A BEC scammer has pleaded guilty to his part in an operation in which he and co-conspirators tricked two US universities into sending over $872,000 to their accounts.
In July 2918, the University of California San Diego (UCSD) was sent an email spoofed to come from a Dell account demanding the institution redirect its payments to the firm to a new bank account in Minnesota.
The bank account belonged to Amil Hassan Raage, who pleaded guilty to fraudulently receiving nearly $750,000 in 28 payments from the university, From August 8 to September 12 2018.
Raage apparently withdrew the money each time it was wired and transferred it to another account.
His unnamed co-conspirators played a major part in the operation, by creating the spoofed Dell email account from a base in Kenya.
They went through the same modus operandi to defraud a second US university, this time based in Pennsylvania.

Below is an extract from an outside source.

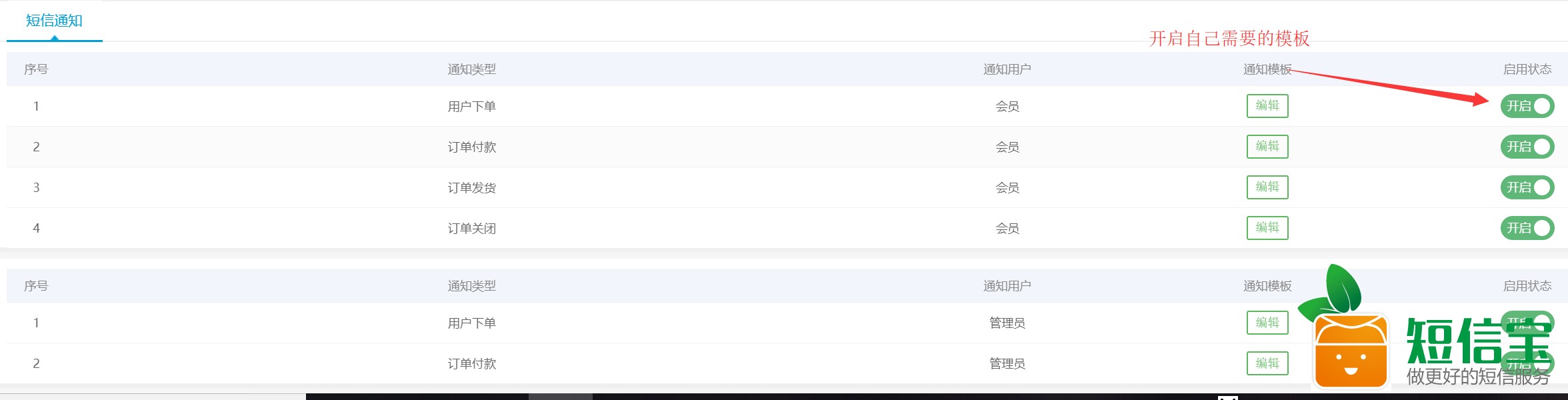 4:在當(dāng)前頁面短信通知開啟所需要的通知模板(不用填寫模板ID)。
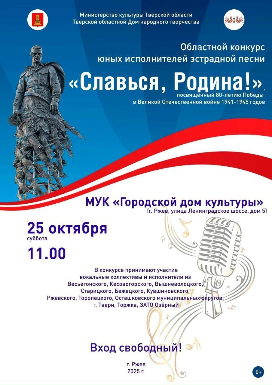 В Ржеве 25 октября пройдет финал областного конкурса юных исполнителей эстрадной песни «Славься, Родина!» (6+). Прозвучат патриотические песни в исполнении 50 вокальных коллективов и солистов из Твери и Торжка, Бежецкого, Весьегонского, Вышневолоцкого, Кесовогорского, Кувшиновского, Осташковского Ржевского, Старицкого, Торопецкого округов, ЗАТО Озёрный.

According to the Department of Justice (DoJ), the group again used the fake Dell email to trick university officials into wiring funds to a different account.
In total, it sent six payments of over $123,000.
After the Wells Fargo bank in Minnesota froze Raage’s account, he fled the country in September to Kenya, only to be tracked down by local law enforcers working with the FBI’s legal attache in the African country.
He was finally arrested in May 2019 and extradited a couple of weeks after.
“Modern criminals like Raage have ditched the ski mask and getaway vehicle and opted for a computer as their weapon of choice. As this defendant has learned, we are matching wits with new-age thieves and successfully tracking them down and putting an end to their high-tech deception,” said US attorney Robert Brewer.
BEC attacks cost businesses nearly $1.3bn last year, nearly half of the total cybercrime losses recorded by the FBI.